もしかしたら、どこかに隠れているのかもしれないと思い、部屋を隅々まで探しましたが、やはりいませんでした................。
私は混乱していましたーー彼女の身に何かあったのでしょうか?
でも、彼女が危険な目に遭わされている可能性もありますし、魔王の力を狙っている者の仕業かもしれません。
..................どちらにしろ、早く見つけなくては!
「アリア様!!どこにいるんですか!?」私は叫びながら探し回りましたが、返事はありませんでした。
しかし、きっと近くに隠れているはずです!
「 アリア様!!..............返事をしてください!!」
私が叫ぶと、部屋の隅から物音が聞こえてきました。
そこに彼女はいたのです、私は急いで駆け寄りましたーーそして彼女の姿を見た瞬間、驚きました...............彼女は全身傷だらけで、息をするのも苦しそうな状態でした................。
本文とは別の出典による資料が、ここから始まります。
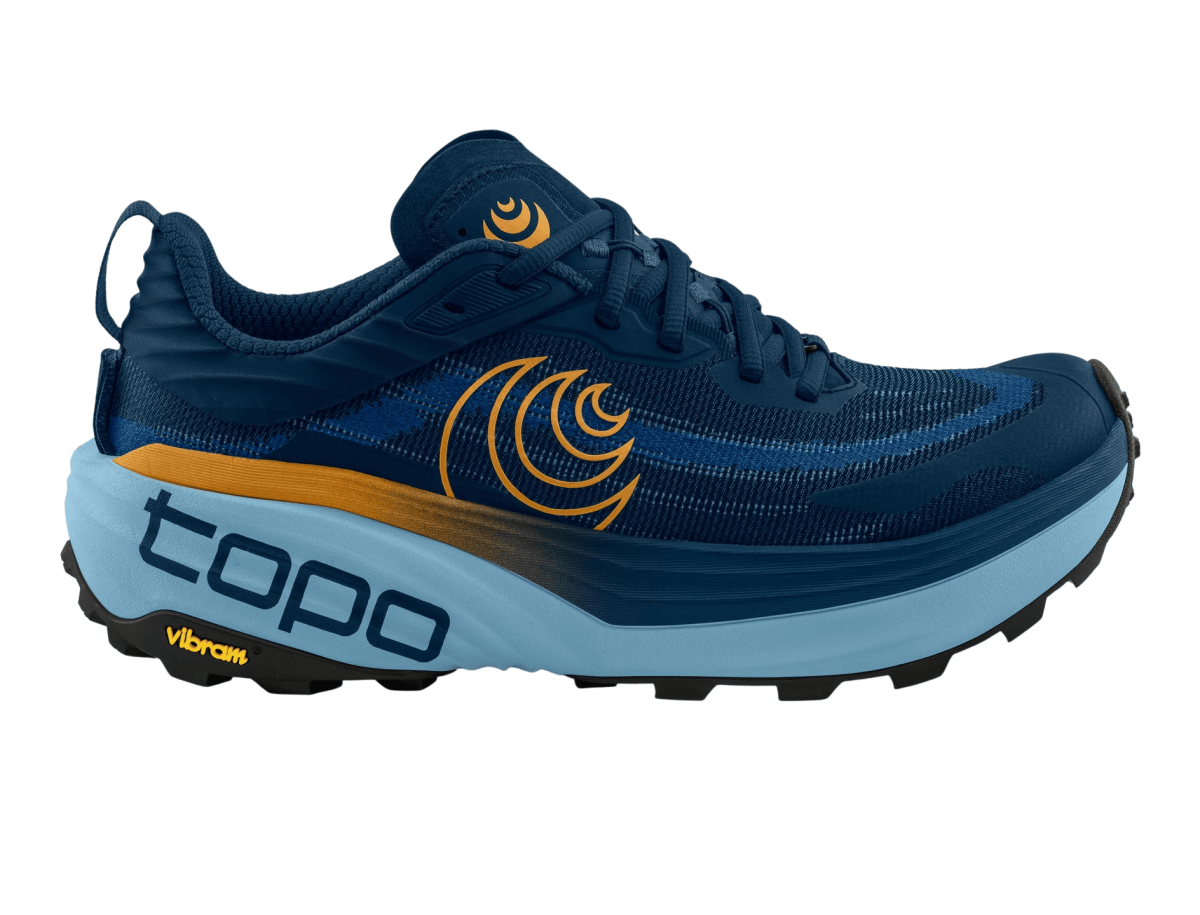 Topo Athletic VISTA – Technische Trails. Maximaler Komfort. Kein Kompromiss. Der Topo Athletic VISTA ist ein maximal gedämpfter Trailschuh für Läufer, die sich auf technischem Terrain zuhause fühlen und dabei nicht auf Schutz oder Dynamik verzichten wollen. Die kraftvolle Plattform mit 38 mm in der Ferse und 33 mm im Vorfuß liefert in Kombination mit der ZipFoam™-Zwischensohle ein geschmeidiges, gleichzeitig reaktives Laufgefühl – ideal für lange Strecken in unwegsamem Gelände. Das Rocker-Design unterstützt einen natürlichen, flüssigen Bewegungsablauf, während die Vibram® Megagrip-Außensohle mit überarbeitetem 4-mm-Stollenprofil auch bei Nässe und Geröll maximalen Grip garantiert. Die FKT-Innensohle punktet mit direktem Step-in-Gefühl und effizientem Feuchtigkeitsmanagement. Das eng gewebte Mesh-Obermaterial ist robust und atmungsaktiv zugleich, und mit dem neuen Gaiter-System am Fersenbereich bist du auch für Extrembedingungen bestens vorbereitet. Deine Vorteile im Überblick: ZipFoam™-Zwischensohle für ausgewogene Dämpfung und Reaktion Rocker-Geometrie für effizientes Abrollen Vibram® Megagrip-Außensohle mit neuem Profil für starken Halt FKT-Innensohle mit schneller Wasserableitung Eng gewebtes Mesh für hohen Schutz und Atmungsaktivität Universelle Gaiter-Aufnahme am Fersenbereich mit Klettverschluss Technische Details: Sprengung: 5 mm Stack: 38 mm (Ferse) / 33 mm (Vorfuß) Zwischensohle: ZipFoam™ (27,5 mm / 22,5 mm) Außensohle: Vibram® Megagrip (5,5 mm) Fußbett: 5 mm Gewicht: 310 g Ein performanter Trailrunningschuh für Läufer, die technische Herausforderungen mit Komfort und Stabilität meistern wollen.

「大丈夫ですか!?」私が声をかける前に、彼女が口を開きました。
(私はもう助からない、だから逃げて!」
彼女は泣きながら訴えてきましたーーでも、私は彼女を一人にするなんて考えられませんでした。
だから、私も泣きながら答えました。
「私も一緒に連れて行ってください!!」
そう言うと、彼女もまた涙を流しながら頷いてくれました................そして二人で手を繋いで歩き出しました。
目的地なんて決まっていませんでしたが、とにかく遠くへ逃げることにしました。
森の奥深くにある小さな小屋に辿り着きました...................そこには誰もいませんでしたが、二人で住むには十分な広さがありました。
私たちはここで新しい生活を始めることに決めたのですーーこれから辛いことが待っているかもしれませんが、彼女と一緒なら頑張れると思いました。
「アリア様!」私は笑顔で彼女の名前を呼びましたーーすると彼女もまた、笑顔を見せてくれました。その笑顔は今までで一番輝いていて綺麗なものでした.................。
「ありがとう、大好きよ」
彼女が言ってくれた言葉は、一生忘れることはありません。
きっとこの笑顔を守るために私は生きてきたのだと思いました...............。